** Opening EXERCISE DATA block **

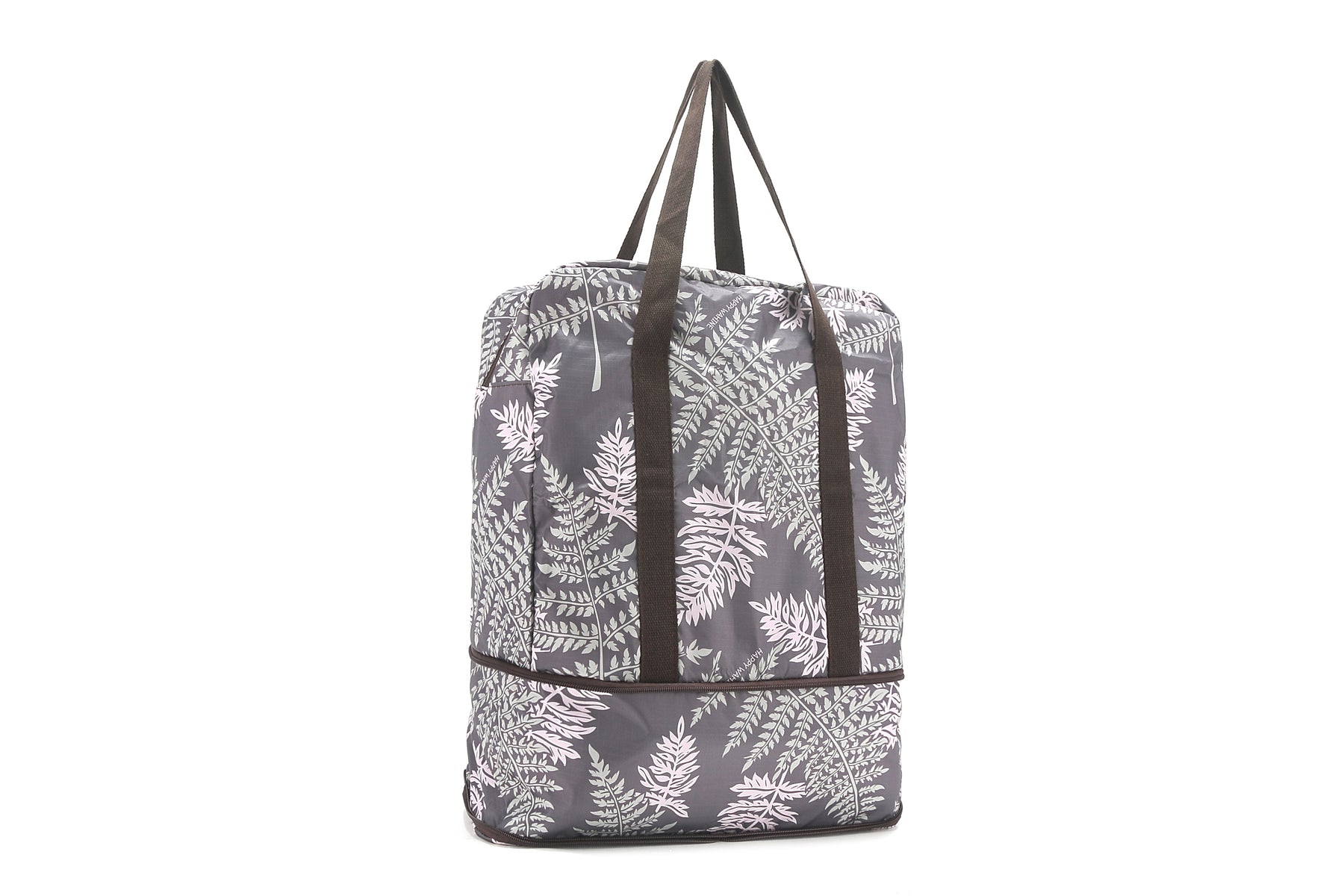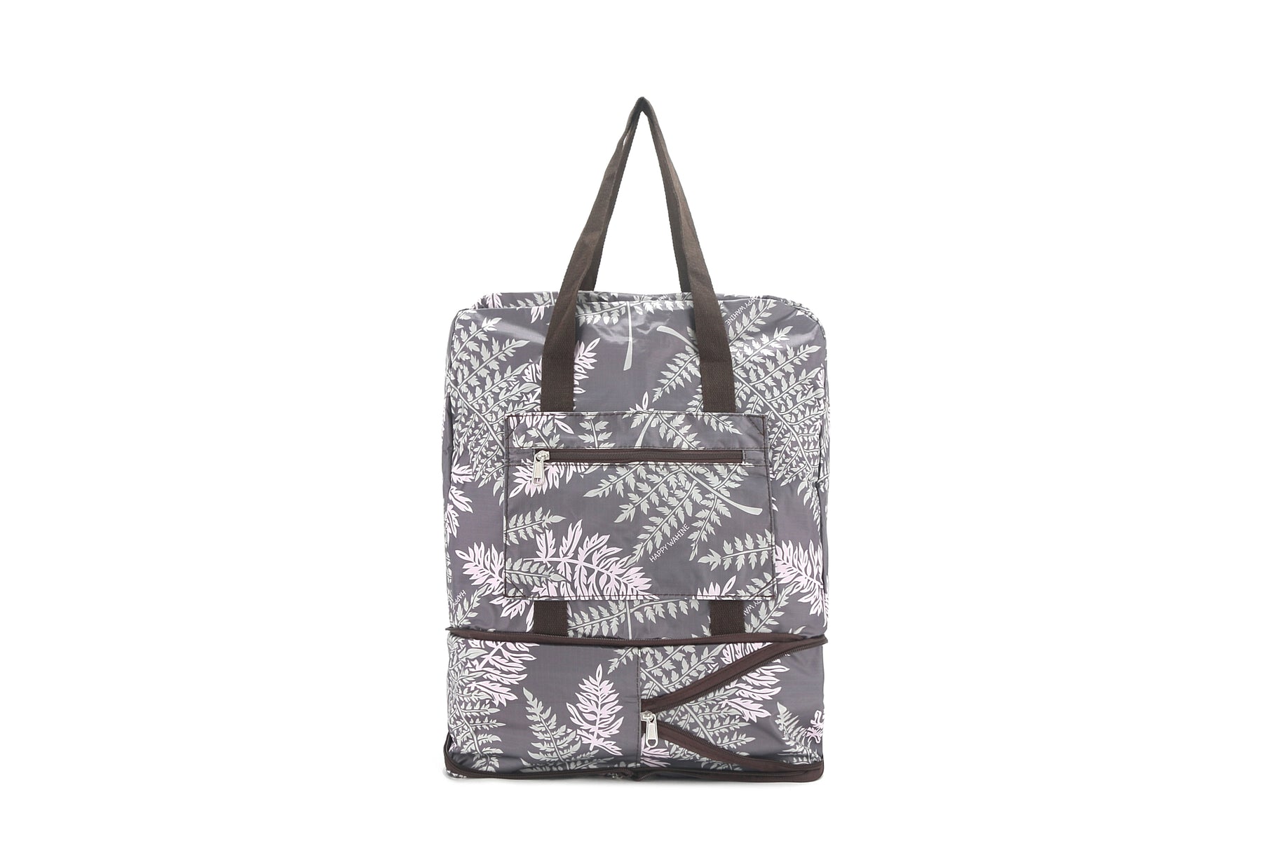 Travel in both style and practicality with the Sophie Foldable Duffle Bag! This bag is not only the largest possible size for a personal item for planes, but it is also foldable for easy packing (perfect to bring back souvenirs!) and made of an easily-washable nylon. The exclusive Fern Brown pattern is a perfect compliment to your outfit and/or luggage!
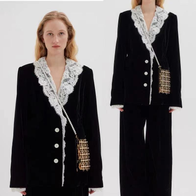Áo khoác thời trang với phần cổ viền ren tinh tế, kết hợp chất liệu nhung mềm mại mang đến vẻ ngoại thanh lịch. Kiểu dáng được thiết kế theo phong cách Hàn Quốc, phù hợp để mặc đi làm hoặc dự tiệc. Bạn có thể phối cùng quần tây hoặc chân váy để tạo điểm nhấn. Sản phẩm có form dáng vừa vặn, dễ dàng phối đồ và giữ ấm nhẹ trong thời tiết se lạnh. | Tên sản phẩm: Áo Vest Nữ Chất Liệu Ren Vest Hàng Mùa Xuân Thu Đông - Thời Trang Nữ | Mã sản phẩm: T4653 - Giá: 1.250.000đ | Mã nhà sản xuất: GUDG-G04Hình ảnh sản phẩm
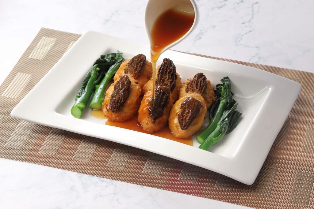 • เต้าหู้เทวดาเห็ดมอเรลน้ำมันหอยเจ — เต้าหู้เนื้อนุ่มทอดกรอบ เสิร์ฟพร้อมเห็ดมอเรลและซอสน้ำมันหอยเจสูตรเข้มข้น
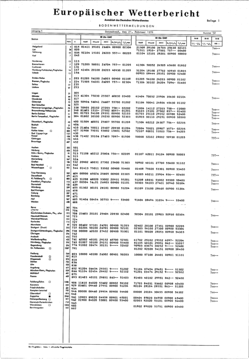 Europäischer Wetterbericht. Beilage 1, Bodenwettermeldungen. 1976-1994
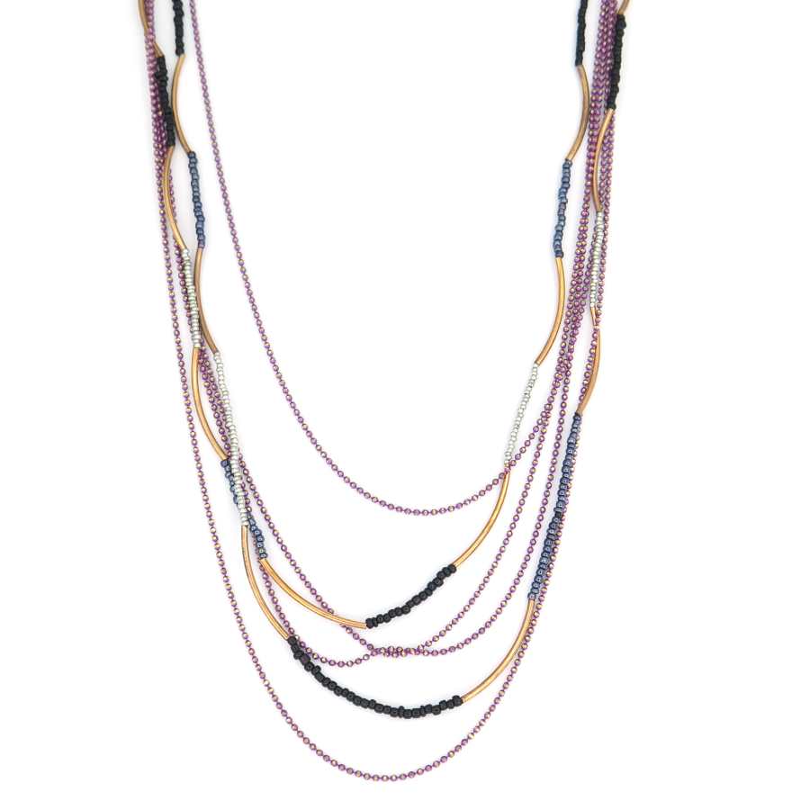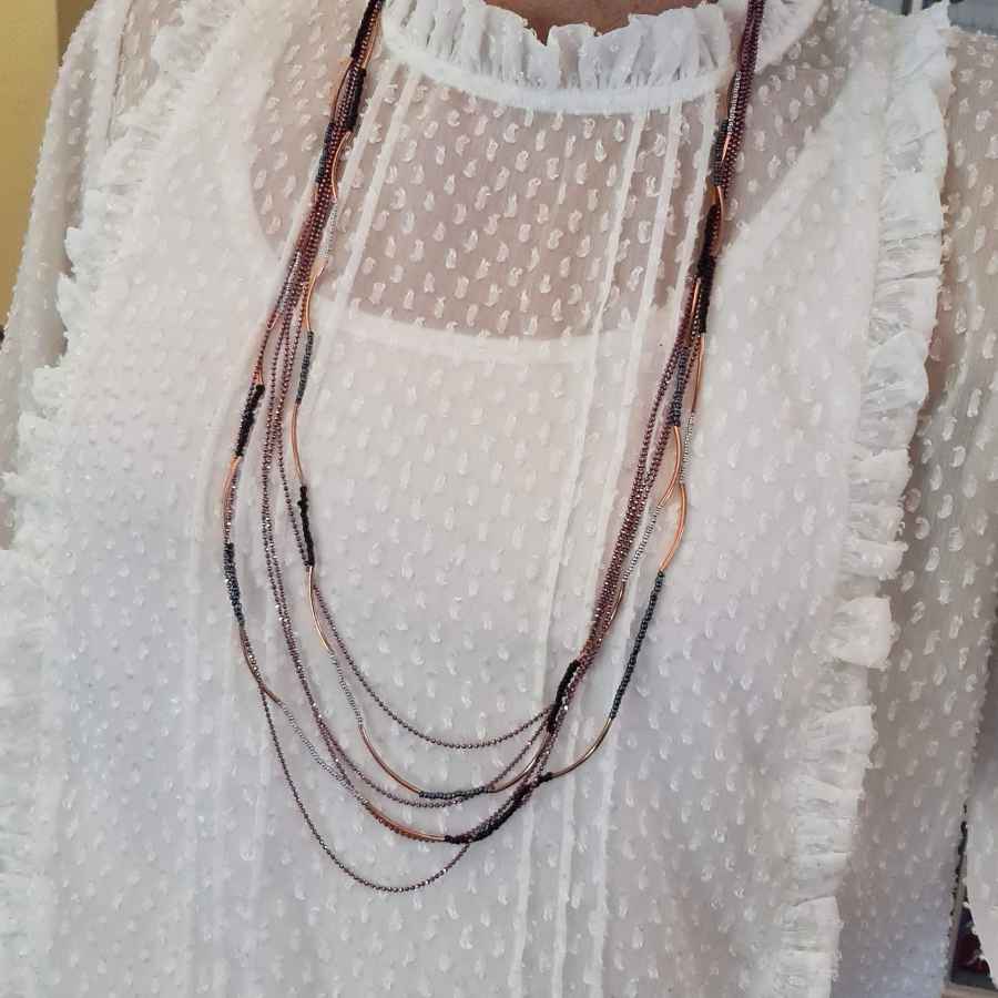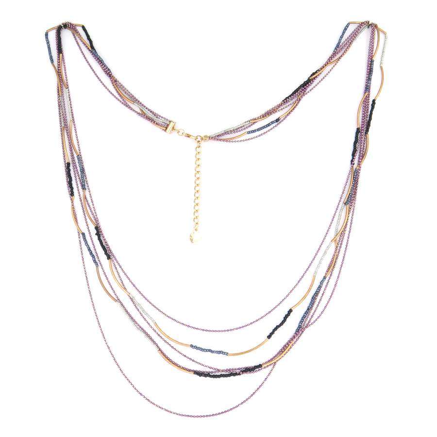 Lange ketting met verschillende strengen en kleine kraaltjes in rosé en paars. De ketting is 82 + 6 cm lang en goed te combineren met rosé kleurige sieraden.
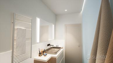 Il sistema di riscaldamento a pavimento alimentato da panneli fotovoltaici, infissi a taglio termico, coibentazione della muratura esterna ed elementi di domotica garantiranno bassi consumi e alte prestazioni alla proprietà.

** Closing EXERCISE DATA block **

- THE TASK:
Above are the records; return them exactly, minus the pictures.

- COMPLETED TASK:
 Travel in both style and practicality with the Sophie Foldable Duffle Bag! This bag is not only the largest possible size for a personal item for planes, but it is also foldable for easy packing (perfect to bring back souvenirs!) and made of an easily-washable nylon. The exclusive Fern Brown pattern is a perfect compliment to your outfit and/or luggage!
Áo khoác thời trang với phần cổ viền ren tinh tế, kết hợp chất liệu nhung mềm mại mang đến vẻ ngoại thanh lịch. Kiểu dáng được thiết kế theo phong cách Hàn Quốc, phù hợp để mặc đi làm hoặc dự tiệc. Bạn có thể phối cùng quần tây hoặc chân váy để tạo điểm nhấn. Sản phẩm có form dáng vừa vặn, dễ dàng phối đồ và giữ ấm nhẹ trong thời tiết se lạnh. | Tên sản phẩm: Áo Vest Nữ Chất Liệu Ren Vest Hàng Mùa Xuân Thu Đông - Thời Trang Nữ | Mã sản phẩm: T4653 - Giá: 1.250.000đ | Mã nhà sản xuất: GUDG-G04Hình ảnh sản phẩm
 • เต้าหู้เทวดาเห็ดมอเรลน้ำมันหอยเจ — เต้าหู้เนื้อนุ่มทอดกรอบ เสิร์ฟพร้อมเห็ดมอเรลและซอสน้ำมันหอยเจสูตรเข้มข้น
 Europäischer Wetterbericht. Beilage 1, Bodenwettermeldungen. 1976-1994
 Lange ketting met verschillende strengen en kleine kraaltjes in rosé en paars. De ketting is 82 + 6 cm lang en goed te combineren met rosé kleurige sieraden.
 Il sistema di riscaldamento a pavimento alimentato da panneli fotovoltaici, infissi a taglio termico, coibentazione della muratura esterna ed elementi di domotica garantiranno bassi consumi e alte prestazioni alla proprietà.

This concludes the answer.